Question

The complementary function of $({D^2} + 1)y = {e^{2x}}$ is:
$A.(Ax + B){e^x} \\\ B.A\cos x + B\sin x \\\ C.(Ax + B){e^{2x}} \\\ D.(Ax + B){e^{ - x}} \\\$

Answer 1

Hint: Use auxiliary equation concept and ${y_c} = {e^{ax}}(A\cos \beta x + B\sin \beta x)$to find the complementary function of $({D^2} + 1)y = {e^{2x}}$.
Auxiliary equation is an equation with one variable and equated to zero, which is derived from a given linear differential equation and in which the coefficient and power of the variable in each term correspond to the coefficient and order of a derivative in the original equation.

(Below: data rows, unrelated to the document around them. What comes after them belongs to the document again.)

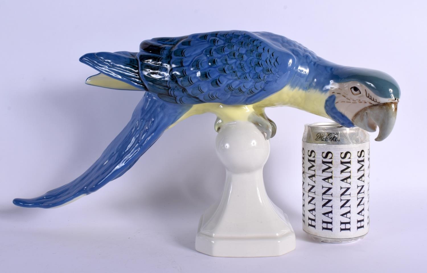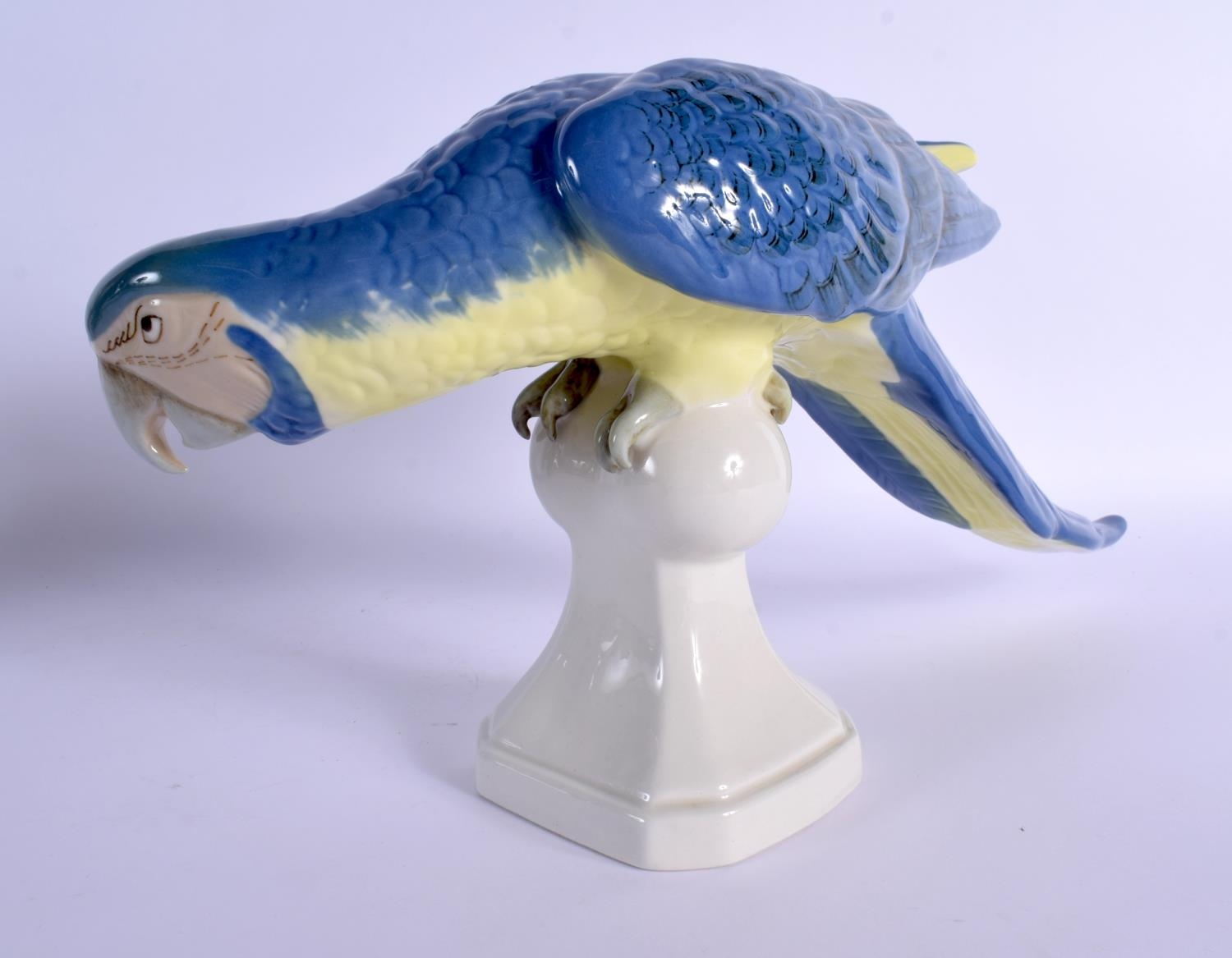 A LARGE ROYAL DUX PORCELAIN FIGURE OF A MACAW PARROT. 24 cm x 32 cm.
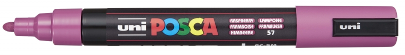 Uni Posca marcador de pintura base al agua -PC-5M FRAMBUESA 1,8-2,5mm Características: -Punta de poliéster (forma de bala) -Ancho de trazo de 1,8 -2,5 mm -Cuerpo de plástico -Marcador de pintura no permanente. Tinta pigmentada base al agua. Pinta sobre cualquier superficie y es muy resistente a la luz, es inodoro, las manchas se pueden lavar con agua, desapareciendo inmediatamente, ideal para cartelería, decoración, escaparatismo, posters, etc. -NO ES TÓXICO
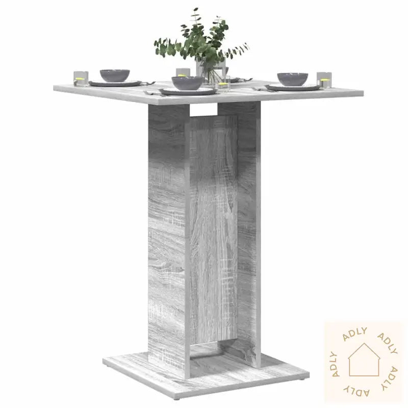 Premium materiale: Det konstruerte treverket er av høy kvalitet, gir bordet en jevn og slitesterk overflate, og er kjent for sin styrke, stabilitet og motstandsdyktighet mot fukt. Dette gjør bordet til et smart valg for både møbler til hjemmet og utendørsmøbler.Allsidig stil: Designet gjør at bordet passer flott inn i mange ulike miljøer og situasjoner – alt fra bankettsaler, konferansesentre og hoteller, til barer, klubber og pauserom. Den allsidige stilen sørger for at bordet lett kan kombineres med resten av dine møbler, både inne og ute.Enkelt å rengjøre: Det praktiske bistrobordet er svært enkelt å holde rent – det holder ofte med en fuktig klut for å fjerne flekker og støv, noe som gjør det perfekt i en travel hverdag der du fortsatt vil ha stilfulle og rene møbler uten mye vedlikehold.Farge: grå eikMateriale: konstruert treMål: 60 x 60 x 75 cm (L x B x H)Montering kreves: ja
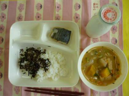 さごしの塩焼き、みそ汁、牛ひじきそぼろ、ご飯、牛乳

Complete step-by-step answer:
Hence, the auxiliary equation of above differential equation is $({D^2} + 1)y = 0$
For complementary function let $D = m$
Hence, $\Rightarrow ({m^2} + 1)y = 0$
OR
$\Rightarrow {m^2} + 1 = 0 \\\ \Rightarrow {m^2} = - 1 \\\$
$\Rightarrow$ $m = \sqrt { - 1} = \pm i$
Since the roots are complex , so by formula ${y_c} = {e^{ax}}(A\cos \beta x + B\sin \beta x)$
Where , $a = 0$and $\beta = 1$
Hence , by substituting the values in the formula we get
${y_c} = (A\cos x + B\cos x)$

Note: It is advisable to remember various characteristic roots and their formulas to save time. Eventually it will be difficult to mug up every formula but with practice things get easier.